+++ Data excerpts +++
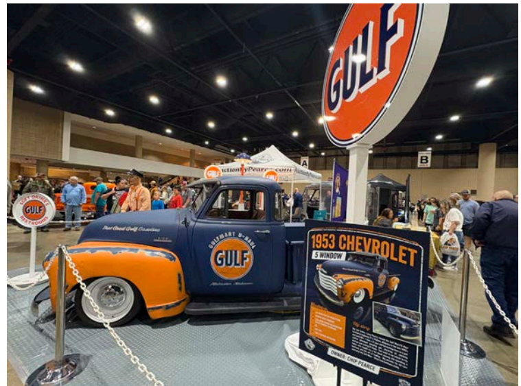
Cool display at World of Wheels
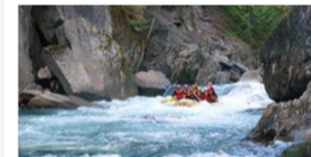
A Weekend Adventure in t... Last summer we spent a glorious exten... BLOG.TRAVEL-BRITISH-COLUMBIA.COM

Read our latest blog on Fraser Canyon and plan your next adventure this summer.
+++
+++ Data excerpts +++
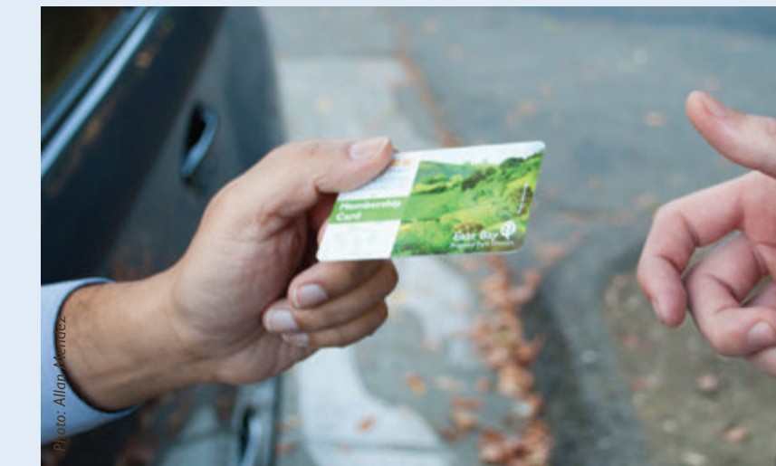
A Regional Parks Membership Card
+++
+++ Data excerpts +++
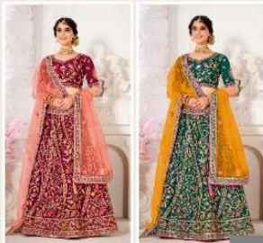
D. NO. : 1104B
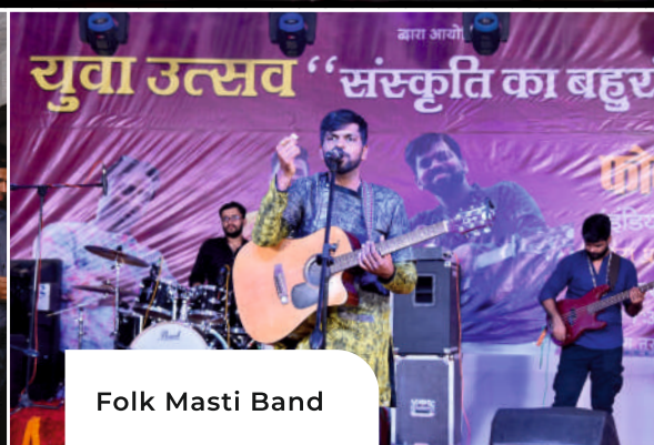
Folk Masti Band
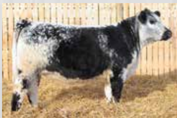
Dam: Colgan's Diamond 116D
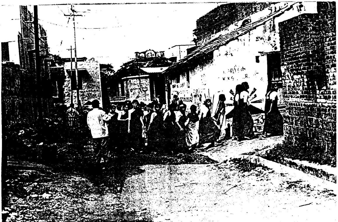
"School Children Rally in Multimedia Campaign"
+++
▶ Task to carry out: Check the entries above line by line and return each one containing the word "summer".

▶ Response area:
A Weekend Adventure in t... Last summer we spent a glorious exten... BLOG.TRAVEL-BRITISH-COLUMBIA.COM
Read our latest blog on Fraser Canyon and plan your next adventure this summer.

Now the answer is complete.